§ EXERCISE DESCRIPTION
Transcribe, starting at the line with "T1多功能健身器材家用仰卧板收腹机哑铃凳仰卧起坐板折叠 健身椅 进口格子皮八档调节" and ending at the line with "Jonhy1000, Aklak, Aer-97-.", every line of the material below exactly, but leave out the pictures and anything outside that span.

§ RECORDS SHOWN
•••••
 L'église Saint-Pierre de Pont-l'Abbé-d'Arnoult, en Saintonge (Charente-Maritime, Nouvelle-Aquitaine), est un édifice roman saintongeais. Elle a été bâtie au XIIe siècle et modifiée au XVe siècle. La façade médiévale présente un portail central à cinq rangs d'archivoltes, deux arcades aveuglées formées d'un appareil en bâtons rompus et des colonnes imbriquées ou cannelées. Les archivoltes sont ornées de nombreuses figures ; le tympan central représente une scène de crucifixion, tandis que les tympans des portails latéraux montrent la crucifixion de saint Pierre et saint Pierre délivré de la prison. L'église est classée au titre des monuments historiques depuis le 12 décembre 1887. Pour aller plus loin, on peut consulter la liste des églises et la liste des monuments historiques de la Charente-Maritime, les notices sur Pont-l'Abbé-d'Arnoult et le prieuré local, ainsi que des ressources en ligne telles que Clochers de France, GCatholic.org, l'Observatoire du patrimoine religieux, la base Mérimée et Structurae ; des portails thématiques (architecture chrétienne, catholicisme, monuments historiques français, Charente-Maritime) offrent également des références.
•••••
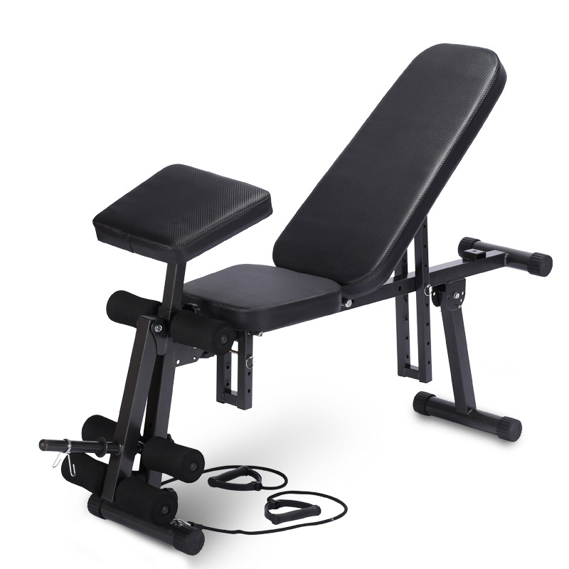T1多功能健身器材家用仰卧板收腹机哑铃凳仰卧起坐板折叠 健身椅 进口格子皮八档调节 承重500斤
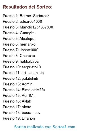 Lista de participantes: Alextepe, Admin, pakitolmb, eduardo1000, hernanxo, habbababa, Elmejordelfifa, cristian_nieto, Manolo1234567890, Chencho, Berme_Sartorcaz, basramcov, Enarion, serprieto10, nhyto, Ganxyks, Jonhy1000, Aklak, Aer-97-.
•••••
§ SOLUTION TO THE EXERCISE
T1多功能健身器材家用仰卧板收腹机哑铃凳仰卧起坐板折叠 健身椅 进口格子皮八档调节 承重500斤
 Lista de participantes: Alextepe, Admin, pakitolmb, eduardo1000, hernanxo, habbababa, Elmejordelfifa, cristian_nieto, Manolo1234567890, Chencho, Berme_Sartorcaz, basramcov, Enarion, serprieto10, nhyto, Ganxyks, Jonhy1000, Aklak, Aer-97-.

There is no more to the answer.